*Work item*: Transcribe the data exactly, pictures excluded.

*Supplied material*:
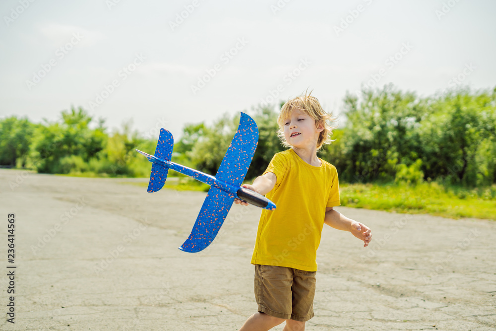 Happy kid playing with toy airplane against old runway background. Traveling with kids concept
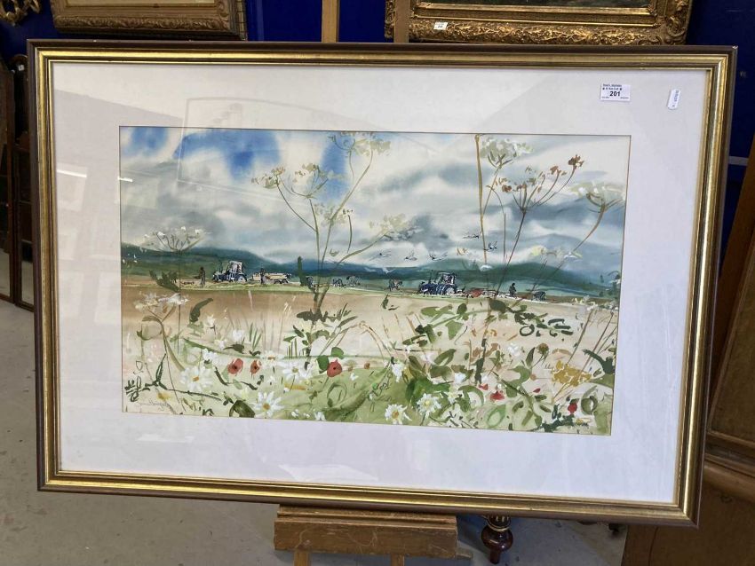 Paintings: James Harrigan 1937 - Watercolour 'Harvesting the Fields'. Signed lower left, 28½ins. x 17ins. Framed and glazed. Harrigan studied at the Glasgow School of Art between 1956 -1961 he has exhibited widely including the House of Lords and was winner of The Laing Landscape Competition.
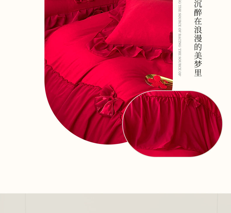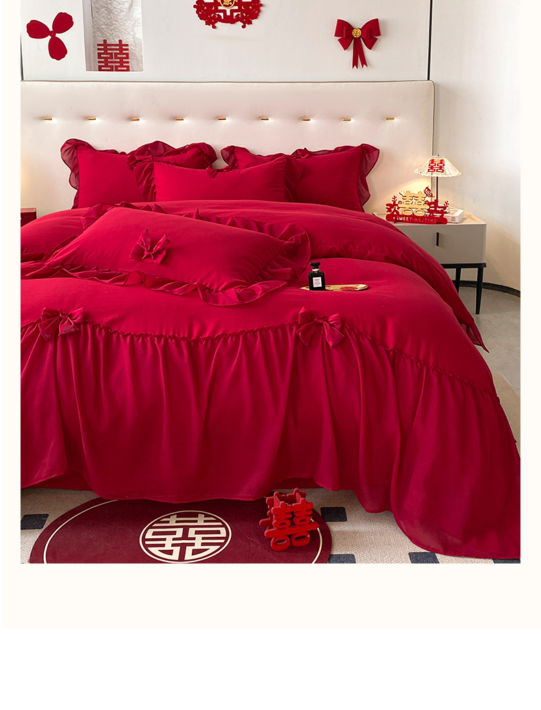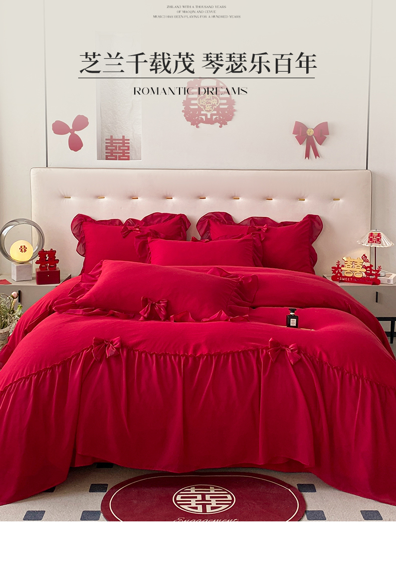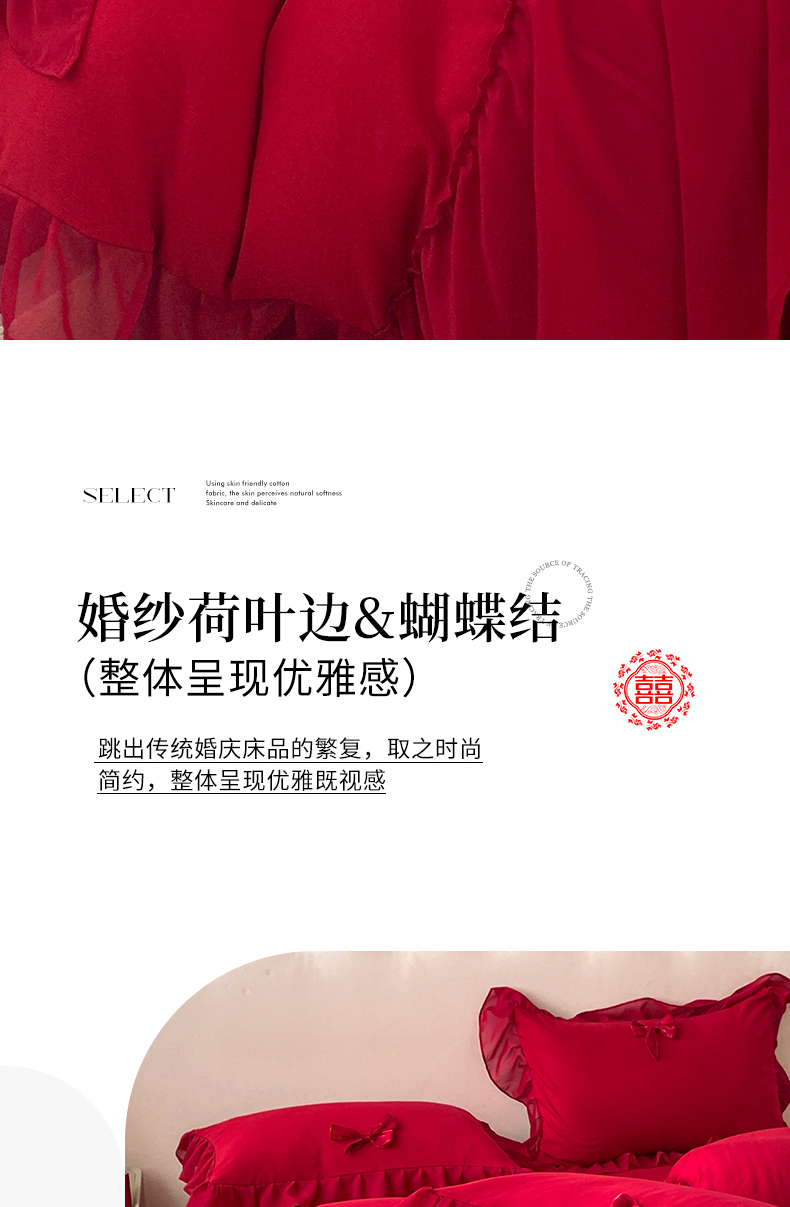 商品名称:(总)苏源家居 2024新款亲肤棉婚纱荷叶边蝴蝶结四件套

*Your response*:
 Happy kid playing with toy airplane against old runway background. Traveling with kids concept
 Paintings: James Harrigan 1937 - Watercolour 'Harvesting the Fields'. Signed lower left, 28½ins. x 17ins. Framed and glazed. Harrigan studied at the Glasgow School of Art between 1956 -1961 he has exhibited widely including the House of Lords and was winner of The Laing Landscape Competition.
 商品名称:(总)苏源家居 2024新款亲肤棉婚纱荷叶边蝴蝶结四件套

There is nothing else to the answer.